Ramsès lui lança un regard hautain qui la fit éclater de rire.
- Je suppose qu’aucune tâche n’a été prévue pour nous ? demanda David en les regardant l’un après l’autre d’un air un peu inquiet.
- Je dois aller avec Tante Amelia prendre le thé au Shepheard’s, dit Nefret. Elle veut interroger quelques personnes qui ont connu la signora Petri. Le professeur a refusé d’y assister.
- Tu m’étonnes ! grommela Ramsès. Que compte donc faire Père pendant ce temps ?
- Je n’y avais pas pensé ! s’écria Nefret en écarquillant les yeux. Mais tu as raison, il a certainement une autre idée derrière la tête.
- Je me chargerai de le suivre cet après-midi, annonça Ramsès. Non ! ajouta-t-il en coupant net à la protestation de David. Á mon avis, il serait préférable que tu passes un peu de temps avec ton grand-père. Tu lui as certainement manqué cet été. Abdullah ne veut pas le reconnaître mais il vieillit beaucoup.
- Il a insisté pour accompagner le professeur au musée ce soir, dit David les sourcils froncés. Est-ce bien prudent ?
- Pourquoi pas ? dit Nefret. Il ne s’est rien passé la nuit passée.
- C’est pour bien cela que Père a accepté qu’Abdullah vienne, admit Ramsès. Et Feisal ira avec eux.
- Pourquoi Feisal ? demanda David.
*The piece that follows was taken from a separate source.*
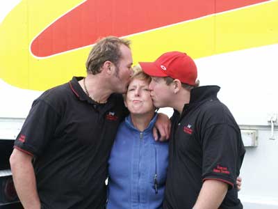 It's Monday evening, the day after our third race weekend at Invercargill's Teretonga race track. YEAH!!! We finally had a wonderful full DRY day of racing (Sunday). Damn. That was a long time coming! Not a totally dry weekend, you understand, but good enough and an absolutely a welcome finale for the three-race series. It really lifted everyone's spirits to have dry racing on Sunday and to put the cars away unharmed. (Well almost anyway--see below.) As noted in last week's NZ Update #8.5, we arrived in Invercargill on Thursday evening greeted by just awful, cold, blowing-sideways rain. Crap. This, after another travel week of great weather. The weather during the week has been exemplary, but come the race weekend it rains. Then, Thursday evening, it really looked like the pattern was going to repeat. In fact it looked so bad that Elaine decided to blow town. Not really. She'd planned all along to leave Invercargill early Saturday morning, and go to Auckland for a couple of days before returning to Houston. We talked to her Sunday evening and she had a nice tour out of Auckland to the Bay of Islands. Anyway, back to Invercargill news. Fortunately the weather on Friday was very nice and we were able to set up our pit area, do some minor service to the cars (brake pads), and get in three or four quality practice sessions to learn the track with nice (even SUNNY!) weather. That was most welcome. While the track is a rather simple layout (Sort of another LaJunta on steroids with a lot more twisties on the back side), going fast on the track (and a FAST track it is!) was difficult. Neither Diane or I felt we really had it figured out until Sunday. For you racer types, the cars were both re-geared (26:26 for me and 25:27 for Diane) for about as fast as the cars are capable of, faster than LaJunta or Pueblo. By Sunday we were both almost hitting red-line on the front straight. This means RJA was approaching 130 mph and Diane 120. Then, at the end of that front straight, there is the most amazing fast sweeper (shades of Pueblo). But it is a much bigger, faster sweeper and it comes around a full 220 degrees, not just 180. Man, it just goes on, and on, and on. It then leads into a series of twisties which were also very fast and hard to get right. But once we figured it out on Sunday you could really fly, flat out in 3rd, thru the twisties. Very cool. On Saturday there was some overcast and "spitting" rain. We decided that in NZ it "spits" in sheets and "drizzles" in buckets. Actually Saturday wasn't too bad compared to the other wet days. At least no torrential downpours like we had at Timaru. Even so, Diane wisely opted to skip her morning qualifying in the wet. But I forged ahead. While the qualifying session was only about 10 minutes long, it was basically on a wet track. For all you Formula Ford racers here's a hint-pump up the old Dunlops tires to 25 pounds, undo the rear sway bar, and it goes thru water like sliced butter. Very cool. I was able to qualify about 5th, but most of those were 2.0 Litre winged cars. Maybe 2nd or third in FFs. The Rainmeister LIVES! Then, alas, Saturday afternoon races (one each) were in the dry. And, as already noted, Sunday was totally dry and everyone got in three more very nice races. Diane and here nemesis, Phil Shires, duked it out in almost every session having a great time. I was able to run well, finishing 1st or 2nd in FF. The race groupings are so weird down here. Diane ran in a group with a bunch of twin cam Super-7 type cars. I ran with things like FF's fitted with 2.0L Toyota engines. You just never knew what the hell the cars actually were, complicated by the fact that they don't require class designation on the bodywork. So . . . you just run as fast as you can, never sure what it is you're actually racing against. The concept of "Legal and Proud" (if it existed here) would be joke. It's like the bad old days at VARA. And, of course, not knowing the individual racers introduces an element of caution. Discretion was the order of the day when being around strange cars/drivers on strange tracks. To everyone's credit we avoided any trouble. Terry did get tapped pretty good at the first Ruapuna event, but it only scrapped up the rear bumper a bit. Other than that, we got away clean. And there were a number of metal-to-metals during the three events. More than we would have at home, fur sure. As I said, the good day of racing on Sunday lifted everyone's spirits. Terry Hefty ran very well with his Elan. Dean Meiling had a good time, but the Super 7 that he was racing (Terry's car) was never quite on full power at full revs. We did a lot of Weber carburetor jetting and got it better, but Dean's top-end was a bit compromised. Nevertheless, we kept all the cars running for all three weekends with only minor adjustments here and there. WHEW! Oh, did I say "all the cars"? Oops, not quite. Poor Paul Morgan continued to accrue points for the trip's hard luck award. Actually, he was the only one of us to accrue any hard luck points. In addition to his previously documented hard luck tales, on Saturday afternoon he sheared all the half-shaft bolts on the left side. But since not all of his luck can be bad -- there was no collateral damage as the half-shaft stayed in place and didn't flog around. Miracle man Bob Hildreth, Paul's ace mechanic who traveled with him on this trip, was able to get it fixed that evening. But then on Paul's last race Sunday afternoon something went sour on the engine after a few laps. I was behind him at the time and saw the puffs of smoke. Not good. He quickly slowed and when I went around the engine was really off song. He was able to limp back in but they just packed it in, not even worrying to analyze what went wrong since it was his last race anyway. It'll keep until the car gets back to Denver. So, hands down, Paul gets the hard luck award for the trip. We did manage, however, to convince him of a c'est la vie attitude about his se

Il y était déjà la nuit passée.
- Daoud semble définitivement destiné à rester à la maison pour protéger les femmes et les enfants, remarqua Nefret en riant. C’est à dire nous, je vous signale ! Selim doit être jugé trop jeune – et puis Feisal est le fils aîné de la famille après tout.
- Il n’est pas très vif… commença David.
- Il le sait, coupa Ramsès. Et je crois qu’il en garde une certaine rancœur contre son jeune frère qui est plus brillant.
« Et contre toi, qui bénéficie d’un traitement si différent du sien ! » aurait-il pu ajouter – mais il ne le fit pas. Les yeux candides de David prouvaient amplement qu’une telle idée ne l’avait pas effleuré.

* * *

La visite à la zabtiyeh avait été extrêmement décevante ainsi que j’en fis part à Nefret en attendant nos invités sur la terrasse de l’hôtel. Malgré la présence de M. Maspero, le chef de la police s’était montré réticent à nous informer de ses progrès. A mon avis, il n’y en avait aucun d’ailleurs. Ce gros homme semblait avant tout soucieux d’éviter un blâme en haut lieu – hypothèse hautement improbable selon moi vu que le seul Britannique à avoir été tué, Jeremiah Hawkins, n’était pas suffisamment important pour que les autorités s’émeuvent de sa disparition. L’homme ne laissait aucune famille derrière lui.
Nous n’avions pas davantage été autorisé à rencontrer Ricetti. Il avait été déporté quelques mois auparavant dans un oasis et le policier nous assura d’un air pompeux qu’il était parfaitement gardé. Emerson avait piqué une belle colère mais la piste semblait tourner court.